Armantrout v. Commissioner

67 T.C. 996, 1977 U.S. Tax Ct. LEXIS 135
CourtUnited States Tax Court
DecidedMarch 23, 1977
DocketDocket Nos. 4344-75, 4460-75, 4461-75
StatusPublished
Cited by18 cases

This text of 67 T.C. 996 (Armantrout v. Commissioner) is published on Counsel Stack Legal Research, covering United States Tax Court primary law. Counsel Stack provides free access to over 12 million legal documents including statutes, case law, regulations, and constitutions.

Bluebook
Armantrout v. Commissioner, 67 T.C. 996, 1977 U.S. Tax Ct. LEXIS 135 (tax 1977).

Opinion

Goffe, Judge:

The Commissioner determined deficiencies in the Federal income tax of petitioners as follows:

Petitioners Taxable year Docket No. Deficiency
Richard T. and Lois Armantrout. 1971 4344-75 $258.98
1972 4344-75 628.61
1973 4344-75 1,069.56
Francis H. and Elizabeth Pepper 1973 4460-75 922.17
Llewellyn G. and Ann H. Owens. 1971 4461-75 418.86

Upon joint motion of the parties, these cases were consolidated for trial, briefing, and opinion.

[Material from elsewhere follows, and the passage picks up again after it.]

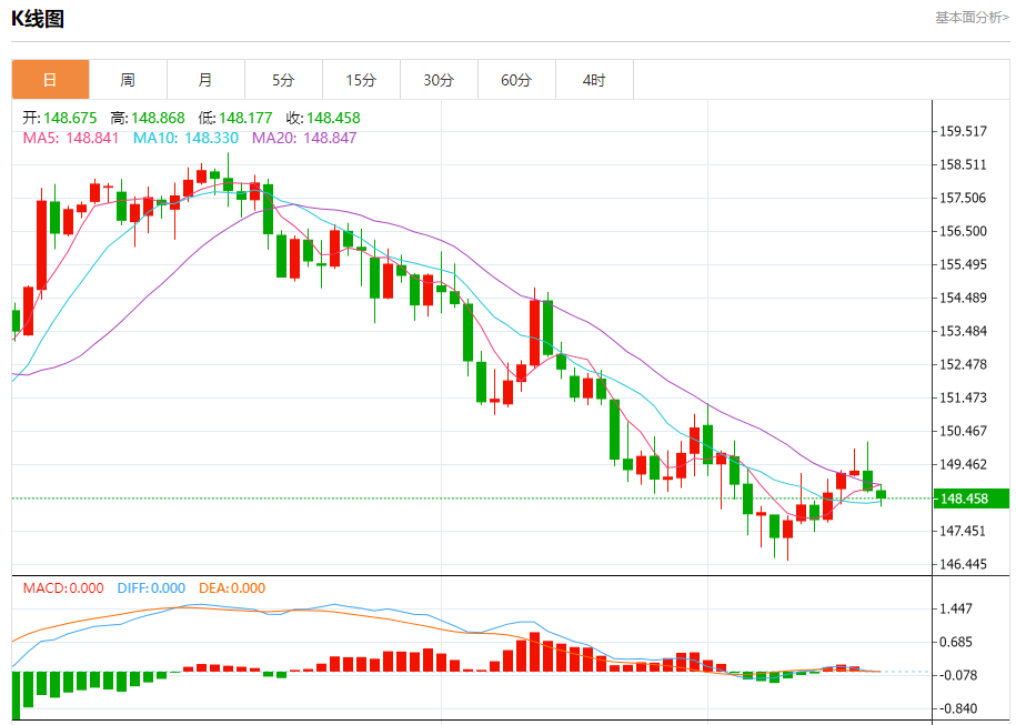 汇价高见148.868,低见148.177。上一交易日,汇价收于148.679。

The sole issue for decision is whether petitioners should have included in income amounts paid to their respective children for education expenses by the "Educo” trust which was funded by petitioners’ employer.

FINDINGS OF FACT

Some of the facts have been stipulated. The stipulation of facts, the supplemental stipulation and second supplemental stipulation of facts, and the attached exhibits are incorporated by this reference.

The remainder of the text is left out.